Szczerbiak Paweł, Szydlowski Lukasz M, Wydmański Witold, Renfrew P Douglas, Leman Julia Koehler, Kosciolek Tomasz
Sano Centre for Computational Medicine, Kraków, Poland.
Małopolska Centre of Biotechnology, Jagiellonian University, Kraków, Poland.
Nat Commun. 2025 Aug 25;16(1):7925. doi: 10.1038/s41467-025-63250-3.
Recent breakthroughs in protein structure prediction have led to a surge in high-quality 3D models, highlighting the need for efficient computational solutions. In our work, we examine the structural clusters from the AlphaFold Protein Structure Database (AFDB), a high-quality subset of ESMAtlas, and the Microbiome Immunity Project (MIP). We create a single cohesive low-dimensional representation of the resulting protein space. We show that, while each database occupies distinct regions, they collectively exhibit significant overlap in their functional profiles. High-level biological functions tend to cluster in particular regions, revealing a shared functional landscape despite the diverse sources of data. By creating a representation of protein structure space, localizing functional annotations within this space, and providing an open-access web-server for exploration, this work offers insights for future research concerning protein sequence-structure-function relationships, enabling biological questions to be asked about taxonomic assignments, environmental factors, or functional specificity. This approach is generalizable, thus enabling further discovery beyond findings presented here.

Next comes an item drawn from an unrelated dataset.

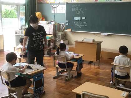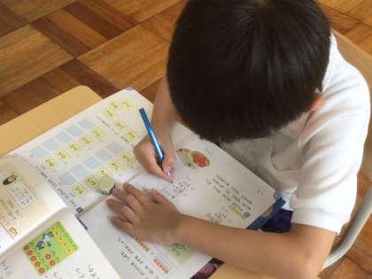 くり上がりのあるたし算の練習をしています。

蛋白质结构预测方面的最新突破导致高质量3D模型激增,凸显了对高效计算解决方案的需求。在我们的工作中,我们研究了来自AlphaFold蛋白质结构数据库(AFDB)、ESMAtlas的一个高质量子集以及微生物组免疫项目(MIP)的结构簇。我们创建了所得蛋白质空间的单一连贯低维表示。我们表明,虽然每个数据库占据不同区域,但它们在功能概况上总体表现出显著重叠。高级生物学功能倾向于聚集在特定区域,揭示了尽管数据来源多样但仍存在共享的功能景观。通过创建蛋白质结构空间的表示、在该空间内定位功能注释并提供一个开放获取的网络服务器以供探索,这项工作为未来关于蛋白质序列-结构-功能关系的研究提供了见解,使人们能够就分类学归属、环境因素或功能特异性提出生物学问题。这种方法具有通用性,从而能够在此处呈现的发现之外进行进一步探索。